- [Your objective] In the records below, find the line that contains "Die isländische Flagge" and the line that contains "Николаевская церковь в"; write out exactly those two lines and everything between them, without the pictures.

Information given: Begin

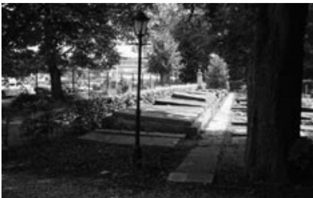
Oude graven als een zerkenvloer, achterin het monument van de familie Suasso-De Bruijn

Het is niet vaak meer dat het prachtige smeedijzeren hek aan de Weesperstraat voor een begrafenis open zwaait: zo'n 35 keer per jaar. Vooral onder moslims uit het nabij gelegen Amsterdam-Zuidoost is Rustoord populair. Vele anderen geven onder meer de voorkeur aan De Nieuwe Ooster. Helemaal rechts van de ingang staat de voormalige beheerderswoning uit 1948, een voorbeeld van een gebouw uit de Delftse School. Het huis is door de vorige eigenaar verkocht en hoort niet meer bij Rustoord. Om de paar maanden wordt de groenvoorziening bijgehouden. De Stichting Crematoria en Begraafplaatsen in Best heeft het groenbeheer uitbesteed. Afhankelijk van het tijdstip van je bezoek, is er net gesnoeid of ziet alles er overwoekerd uit.
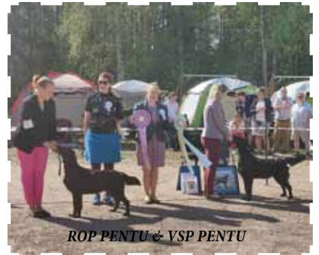
ROP PENTU & VSP PENTU
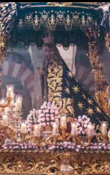
Ntra. Sra. M. de Dios en sus Tristezas Anónimo / Siglo XVII
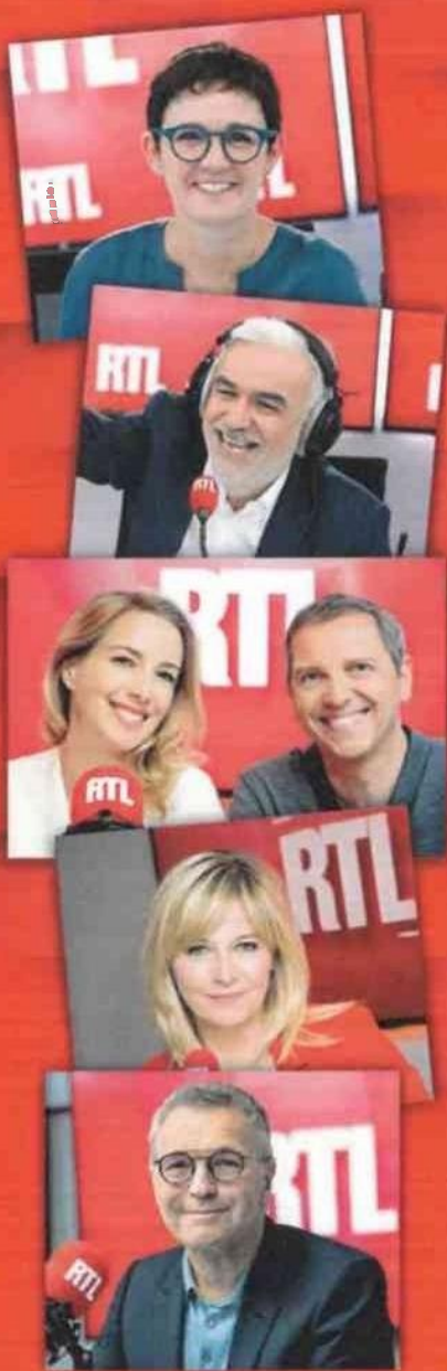
Christelle REBIÈRE, Pascal PRAUD, Sidonie BONNEC & Thomas HUGUES, Flavie FLAMENT, Laurent RUQUIER.
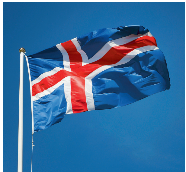
Die isländische Flagge
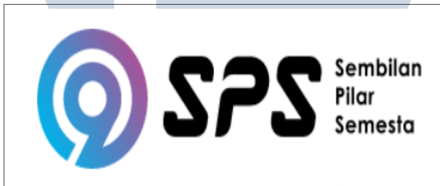
Gambar 2.1. Logo perusahaan PT Sembilan Pilar Semesta

Sembilan Pilar Semesta adalah sebuah perusahaan yang menyediakan layanan MSSP (Managed Security Service Provider) yang didirikan pada Mei 2021. Perusahaan ini berfokus pada layanan keamanan siber yang mayoritas timnya memiliki banyak individu dengan keterampilan dan sertifikasi keamanan siber defensif dan ofensif. PT Sembilan Pilar Semesta memastikan bahwa setiap client yang dimiliki selalu terjaga, terlindungi dari ancaman serangan siber kapanpun dan dimanapun.
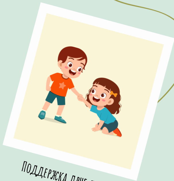
ПОДДЕРЖКА ДРУГ ДРУГА
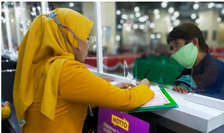
Pelayanan Loker Customer Services
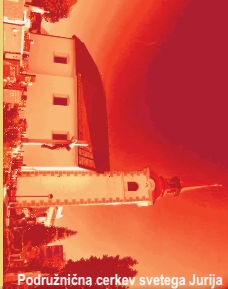
Podružnična cerkev svetega Jurija
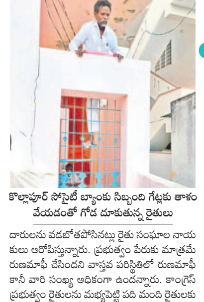
కొల్లూపూర్ సోసైటీ బ్యాంకు సిబ్బంది గేట్లు తాళం వేయడంతో గోడ దూకుతున్న రైతులు
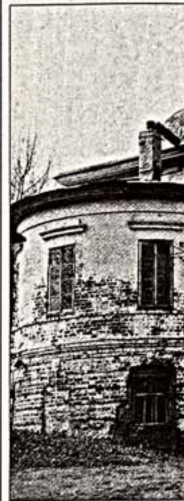
Николаевская церковь в Успенском Александрово-Кустовском монастыре

Чем дальше вглубь истории уходят от нас события, происходящие в России в начале XIX века, тем более (что вполне естественно) у нас возникает желание анализировать происходящее, отыскивая в нем все новые и новые аспекты и грани.
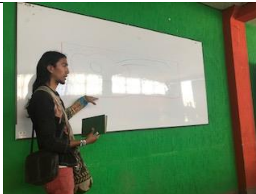
Fotos 64 y 65: Primera reunión realizada para el diseño conjunto del sector sur del humedal, donde se
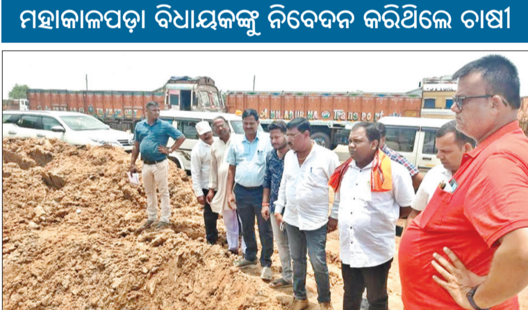
ମହାକାଳପଡ଼ା ବିଧାୟକଙ୍କୁ ନିବେଦନ କରିଥିଲେ ଦାଖ
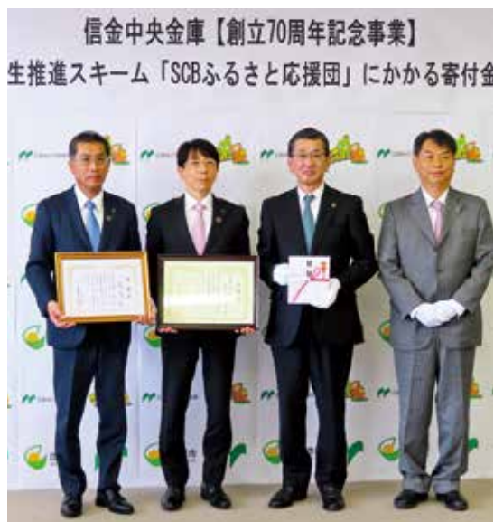
3月28日 SCBふるさと応援団寄付金贈呈式

○信金中央金庫の創立70周年記念事業「SCBふるさと応援団」に、庄原市の「キャッシュレスカード「な・み・か」「ほ・ろ・か」による地域経済循環事業」を推薦し、本事業が寄付対象事業として採択され、1,000万円が庄原市に寄付されました。「SCBふるさと応援団」は、地方創生に資する取り組み等に対し、信金中央金庫が企業版ふるさと納税を実施するというものです。当金庫では、地域の持続的な発展に向け、当該寄付事業に対する支援に継続して取り組んでまいります。
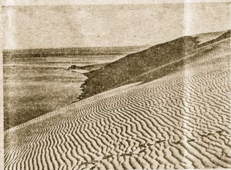
Žavingas Klaipėdos krašto vaizdas — smėlio kopos prie Nidos.

Klaipėdos pilis buvo svarbi strateginė vieta lietuviams, nes iš čia jie lengvai galėjo pulti vokiečių ordenus, gi abiem ordeno šakom trugdė susijungimą (dabartinės Prūsijos ir Latvijos žemės). Visą laiką ordenas stengėsi prištartinti prie Klaipėdos pilies ir pastatyti savo sutvirtinimus. Tačiau priešui lizdai tuojaus buvo žemaičių sunaikinami. Tik 1252 m. jiems pavyko pastatyti ažuolų, akmenų ir plytų stiprią kelturkampe pilį tarp Kuršių marių ir Dangės įtako. Lietuviai nuolat stengėsi sunaikinti ją. Jiems kartais pavykdavo ją dalimi išgriauti, bet ordenas gaudamas pagalbą iš Vakarų, ją tuojaus atstatydavo. Lietuvos valdovai Mindaugas , Gediminas , Algirdas , Kęstutis ir Vytautas kovojo su ordenu už Klaipėdos pilį ir kraštą. Šių kovų zenitas buvo didysis Žalgirio mūšis (1410 m.) sustabdęs galutinai Ordeno veržimąsi į rytus. Sekė Torunės taika. Joje Vytautas reikalavo sau tarp kitko ir Klaipėdos pilies ir teritorijos. Atmintini Vytauto žodžiai: "Prūsai yra taip pat mano protėvių žemė ir aš jos reikalausiu iki pat Uosos; nes ji yra mano tėvų palikimas". Tačiau sekančiose derybose (1422 m.) Klaipėda atiteko Ordenui, gi Vytautas gavo Žemaičius ir priėjimą prie Jūros ties Palanga Ordenui išnykus, Klaipėdos kraštas atiteko Brandenburgo Hohencolernams , kurie jį valdė iki 1918 m.
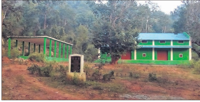
ନିର୍ମାଣାଧୀନ ମକା ମଣ୍ଡି ଗୃହ ।

ଗଜପତି ଜିଲ୍ଲା ଆର.ଉଦୟଗିରି, ନୂଆଗଡ଼ ଓ ମୋହନା ବ୍ଲକ୍ ଅଞ୍ଚଳରେ ବ୍ୟାପକ ମକା ଚାଷ ହେଉଛି । ସରକାର ଚାଷୀମାନଙ୍କଠାରୁ ମକା କ୍ରୟ କରୁ ନ ଥିବାବେଳେ ଏ ନେଇ କୌଣସି ସୁବିଧା ଯୋଗାଇନାହାନ୍ତି । ଫଳରେ ଖଳାରେ କୁଇଖୁଲ କୁଇଖୁଲ ମକା ପଡ଼ିରହିଛି । ଏହାର ସୁଯୋଗ ନେଉଛନ୍ତି ଦଳାଳ । କ୍ରୟ ଆଳରେ ଚାଷୀମାନଙ୍କୁ ଓଜନରେ ଠକୁଛନ୍ତି । ସରକାର ଚାଷୀଙ୍କ ପାଇଁ ବହୁ ଯୋଜନା କରୁଛନ୍ତି, କିନ୍ତୁ ଏହି ଅଞ୍ଚଳର ମକାଚାଷୀ ଏଥିରୁ ବଞ୍ଚିତ ବୋଲି ଅଭିଯୋଗ କରିଛନ୍ତି ।

Information given: End

- [Solution for this task]
Die isländische Flagge
Gambar 2.1. Logo perusahaan PT Sembilan Pilar Semesta

Sembilan Pilar Semesta adalah sebuah perusahaan yang menyediakan layanan MSSP (Managed Security Service Provider) yang didirikan pada Mei 2021. Perusahaan ini berfokus pada layanan keamanan siber yang mayoritas timnya memiliki banyak individu dengan keterampilan dan sertifikasi keamanan siber defensif dan ofensif. PT Sembilan Pilar Semesta memastikan bahwa setiap client yang dimiliki selalu terjaga, terlindungi dari ancaman serangan siber kapanpun dan dimanapun.
ПОДДЕРЖКА ДРУГ ДРУГА
Pelayanan Loker Customer Services
Podružnična cerkev svetega Jurija
కొల్లూపూర్ సోసైటీ బ్యాంకు సిబ్బంది గేట్లు తాళం వేయడంతో గోడ దూకుతున్న రైతులు
Николаевская церковь в Успенском Александрово-Кустовском монастыре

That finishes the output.